** TASK ITEM **
I would like the lines below, from the one with "Atlantis - Hochkultur" through the one with "虎扑01月18日讯2026L", copied exactly and without any pictures.

** RECORD EXCERPTS **
══════

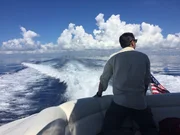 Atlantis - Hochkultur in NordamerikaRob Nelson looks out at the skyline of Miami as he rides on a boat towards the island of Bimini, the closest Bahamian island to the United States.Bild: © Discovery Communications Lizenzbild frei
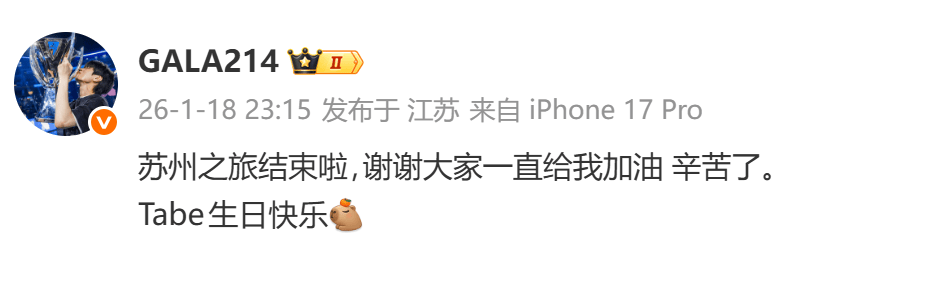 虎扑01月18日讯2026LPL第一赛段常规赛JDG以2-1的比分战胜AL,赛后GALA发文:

══════

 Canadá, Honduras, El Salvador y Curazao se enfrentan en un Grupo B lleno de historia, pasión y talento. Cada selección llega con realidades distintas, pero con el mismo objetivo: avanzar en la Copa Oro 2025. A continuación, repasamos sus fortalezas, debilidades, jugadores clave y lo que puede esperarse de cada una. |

══════

** EXERCISE ANSWER **
 Atlantis - Hochkultur in NordamerikaRob Nelson looks out at the skyline of Miami as he rides on a boat towards the island of Bimini, the closest Bahamian island to the United States.Bild: © Discovery Communications Lizenzbild frei
 虎扑01月18日讯2026LPL第一赛段常规赛JDG以2-1的比分战胜AL,赛后GALA发文:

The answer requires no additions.